Collection entries:
__________
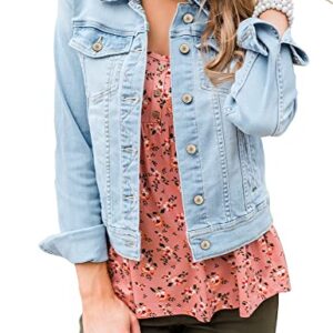 GRAPENT Women Basic Button Down Long Sleeve Stretchy Jean Trucker Denim Jacket
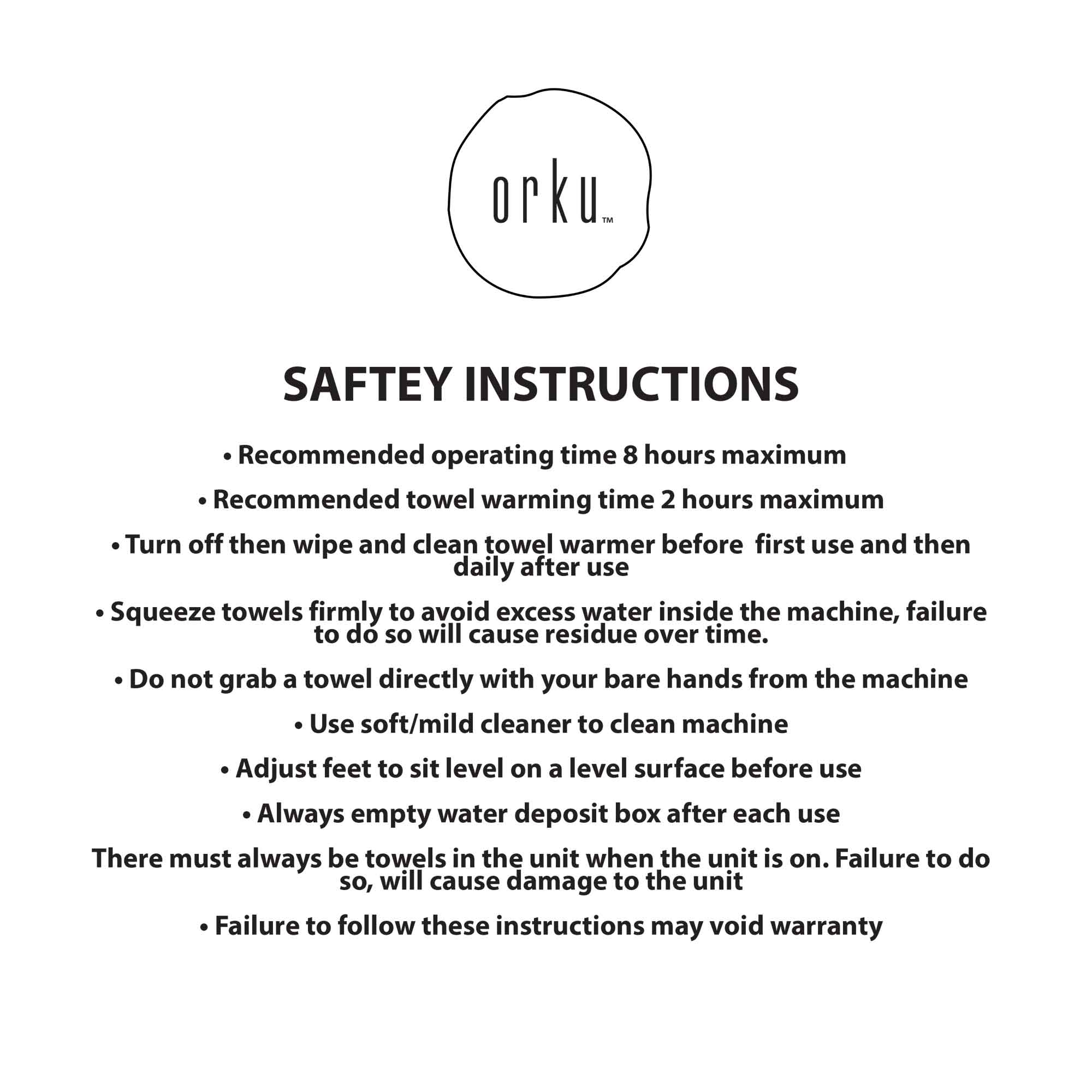 Always make sure that towels are actually in the warmer whilst it is switched on. No towels present will cause damage to the unit.
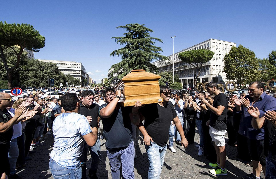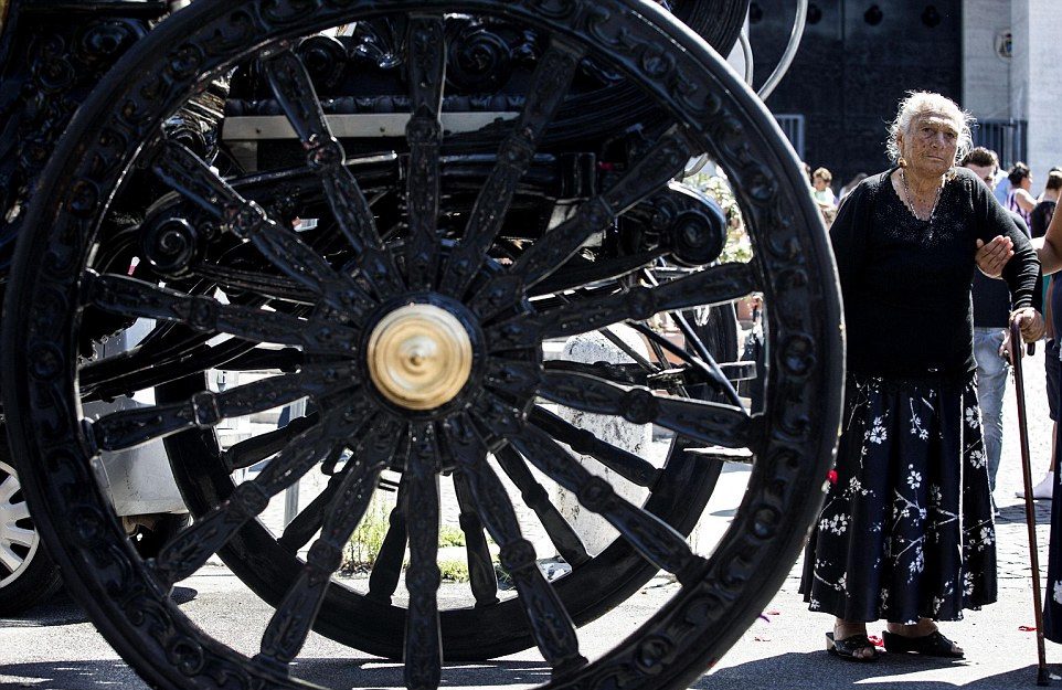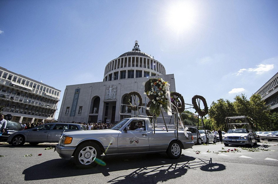 据悉,葬礼在罗马市郊的一所教堂举行,葬礼规模十分奢华,教堂外不仅停有六架黑金色古董马车,还有乐队在演奏电影《教父》中的曲调。此外,当棺材被抬进教堂时,空中还有直升飞机抛撒花瓣。哀悼者泣不成声,纷纷向维托里奥做最后的道别。葬礼现场还有标语称:“你征服了罗马,现在你将征服天堂。”
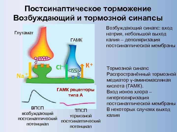 Постсинаптическое торможение Возбуждающий и тормозной синапсы Возбуждающий синапс: вход натрия, небольшой выход калия – деполяризация постсинаптической мембраны Глутамат ГАМК Na + Cl-- К+ ГАМК рецепторы типа А ВПСП ТПСП возбуждающий тормозной постсинаптический потенциал Тормозной синапс Распространённый тормозной медиатор γ-аминомасляная кислота (ГАМК). Вход ионов хлора – гиперполяризация постсинаптической мембраны В некоторых случаях выход калия
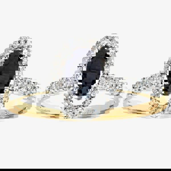This traditional cluster ring is crafted in 9ct yellow gold & features an oval sapphire centre stone with a sparkling diamond halo surround which has a total carat weight of 0. 25ct. This ring is a perfect stand-alone piece or ideal for layering & combining with other rings to create your own unique look.
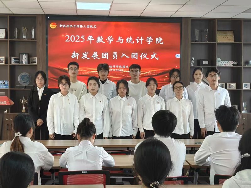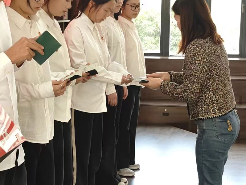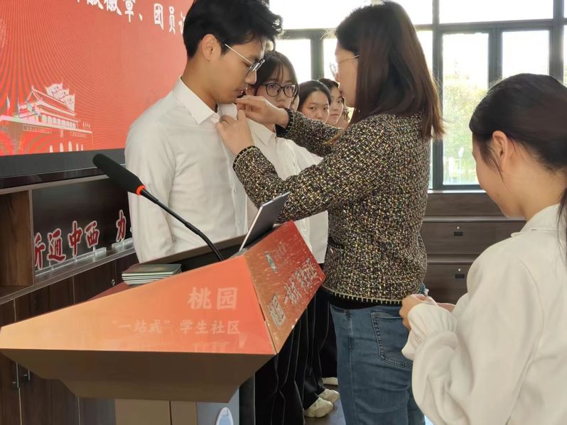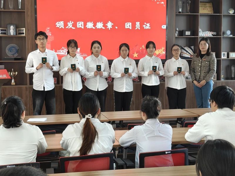 魏妍妍老师逐一为新团员颁发团员证并佩戴团徽。金色的团徽在胸前闪耀,象征着光荣的身份,更意味着沉甸甸的使命与担当。随后,魏老师向新团员表示热烈祝贺,并对新发展团员提出了四点希望:第一,要筑牢信仰根基,像坚信数学公理一样坚定理想信念,做思想上的“明白人”;第二,要锤炼专业本领,以攻坚克难的毅力深耕专业领域,做素养过硬的“实干家”;第三,要践行团员责任,以统计般的严谨对待学习和生活,做言行一致的“靠谱人”;第四,要勇担时代使命,以开拓创新的精神服务国家需求,做贡献青春的“先锋者”。
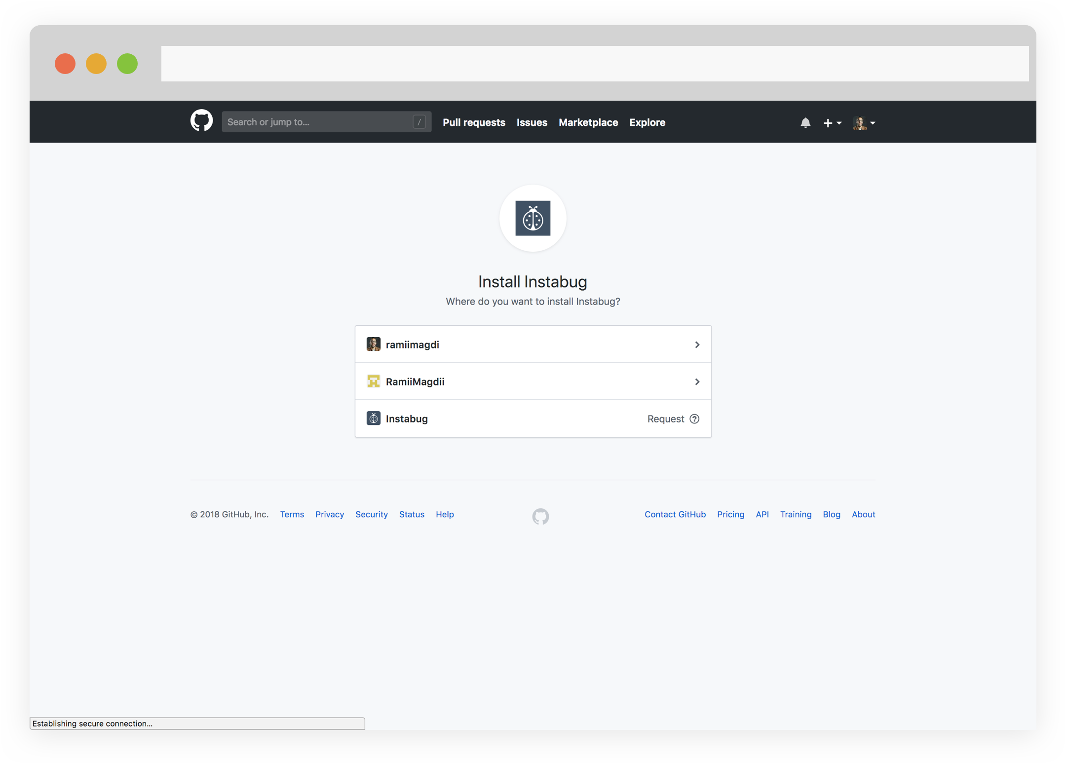 - When adding an Organization, you will be redirected to GitHub to pick an organization to Install Luciq in.
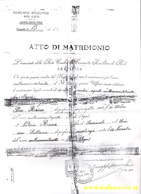 1930. Acta de Matrimonio de Guedalia Soriano y Rosa Notrica. Anverso y reverso. ( Victor Soriano)
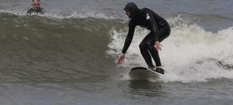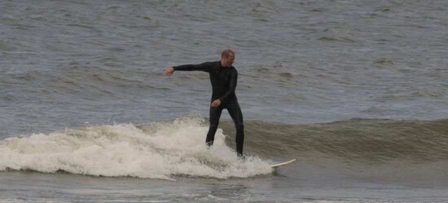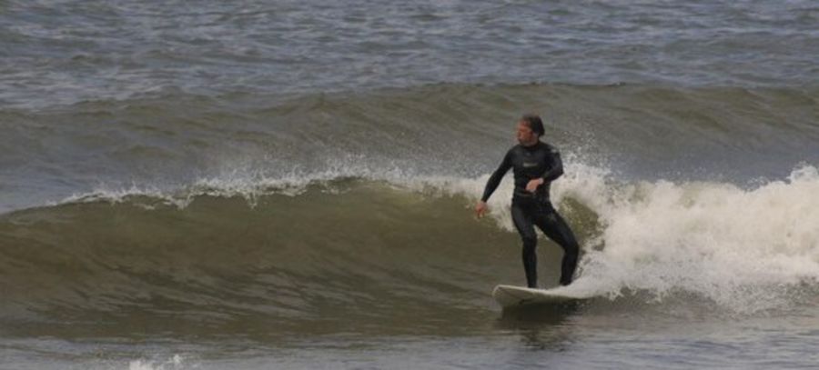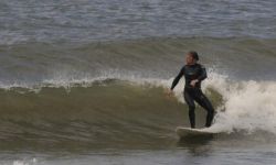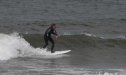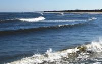Sandy beach wirh rows of wooden poles (see GooglEearth!) that protect the coastline form erosion & waves. They actually form sand-bars which waves break on. Waves are clean with SW,W wind/waves, and get choppy when wind turns to N.
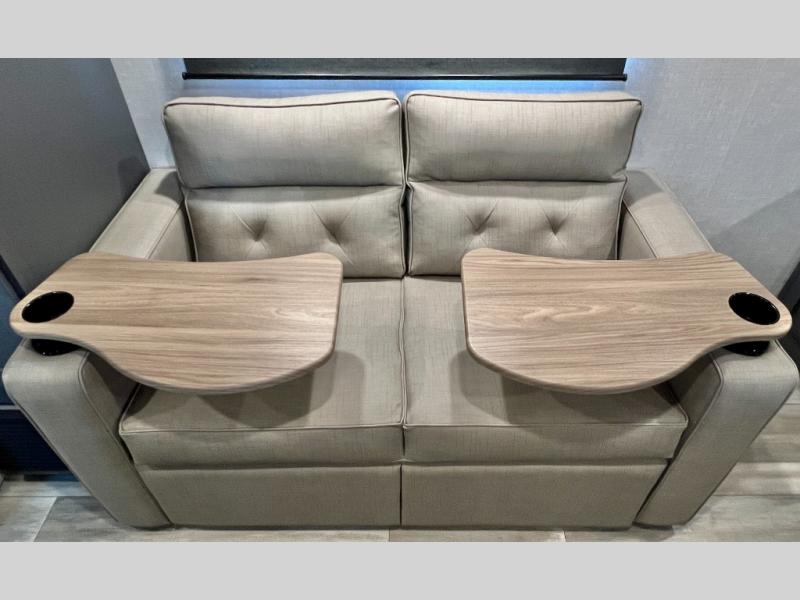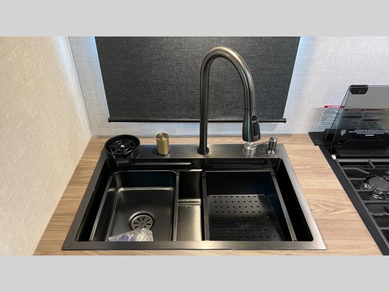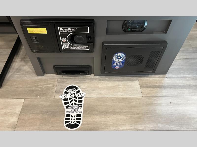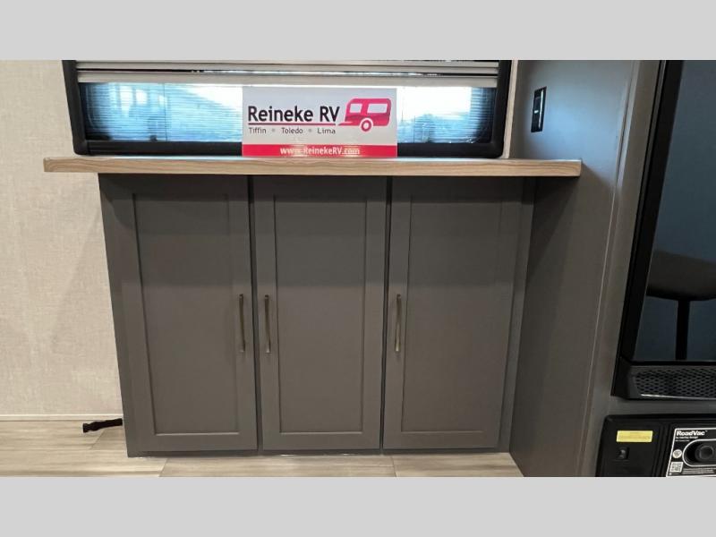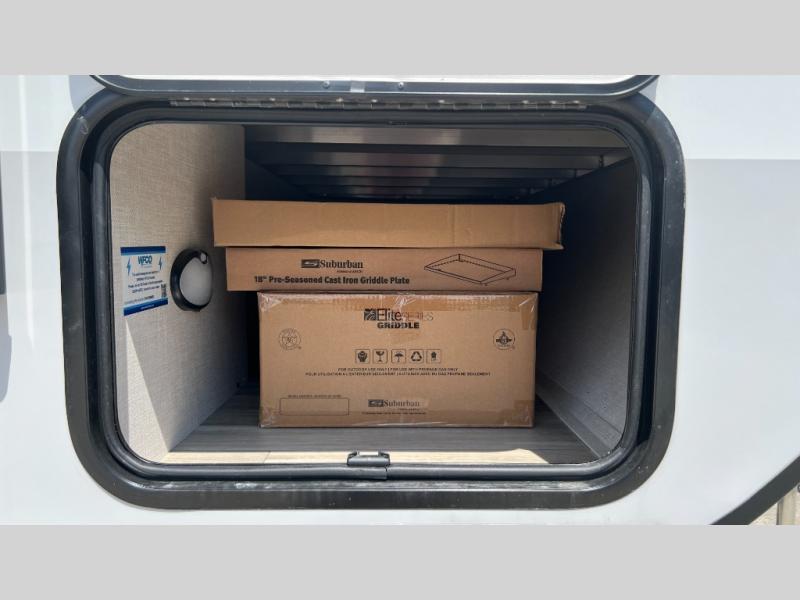 With 200W Solar Package, Central Vac System, Window Counter w/ Two Stools, Jackknife Sofa w/ Trays, Kitchen Pantry, Outdoor Griddle, Enclosed Under Belly, Cold Weather Package and Rugged Tire / Wheel Package.
__________
With the pictures left aside, set down each entry above exactly as it stands.

= THE ANSWER =
 GRAPENT Women Basic Button Down Long Sleeve Stretchy Jean Trucker Denim Jacket
 Always make sure that towels are actually in the warmer whilst it is switched on. No towels present will cause damage to the unit.
 据悉,葬礼在罗马市郊的一所教堂举行,葬礼规模十分奢华,教堂外不仅停有六架黑金色古董马车,还有乐队在演奏电影《教父》中的曲调。此外,当棺材被抬进教堂时,空中还有直升飞机抛撒花瓣。哀悼者泣不成声,纷纷向维托里奥做最后的道别。葬礼现场还有标语称:“你征服了罗马,现在你将征服天堂。”
 Постсинаптическое торможение Возбуждающий и тормозной синапсы Возбуждающий синапс: вход натрия, небольшой выход калия – деполяризация постсинаптической мембраны Глутамат ГАМК Na + Cl-- К+ ГАМК рецепторы типа А ВПСП ТПСП возбуждающий тормозной постсинаптический потенциал Тормозной синапс Распространённый тормозной медиатор γ-аминомасляная кислота (ГАМК). Вход ионов хлора – гиперполяризация постсинаптической мембраны В некоторых случаях выход калия
This traditional cluster ring is crafted in 9ct yellow gold & features an oval sapphire centre stone with a sparkling diamond halo surround which has a total carat weight of 0. 25ct. This ring is a perfect stand-alone piece or ideal for layering & combining with other rings to create your own unique look.
 魏妍妍老师逐一为新团员颁发团员证并佩戴团徽。金色的团徽在胸前闪耀,象征着光荣的身份,更意味着沉甸甸的使命与担当。随后,魏老师向新团员表示热烈祝贺,并对新发展团员提出了四点希望:第一,要筑牢信仰根基,像坚信数学公理一样坚定理想信念,做思想上的“明白人”;第二,要锤炼专业本领,以攻坚克难的毅力深耕专业领域,做素养过硬的“实干家”;第三,要践行团员责任,以统计般的严谨对待学习和生活,做言行一致的“靠谱人”;第四,要勇担时代使命,以开拓创新的精神服务国家需求,做贡献青春的“先锋者”。
 - When adding an Organization, you will be redirected to GitHub to pick an organization to Install Luciq in.
 1930. Acta de Matrimonio de Guedalia Soriano y Rosa Notrica. Anverso y reverso. ( Victor Soriano)
Sandy beach wirh rows of wooden poles (see GooglEearth!) that protect the coastline form erosion & waves. They actually form sand-bars which waves break on. Waves are clean with SW,W wind/waves, and get choppy when wind turns to N.
 With 200W Solar Package, Central Vac System, Window Counter w/ Two Stools, Jackknife Sofa w/ Trays, Kitchen Pantry, Outdoor Griddle, Enclosed Under Belly, Cold Weather Package and Rugged Tire / Wheel Package.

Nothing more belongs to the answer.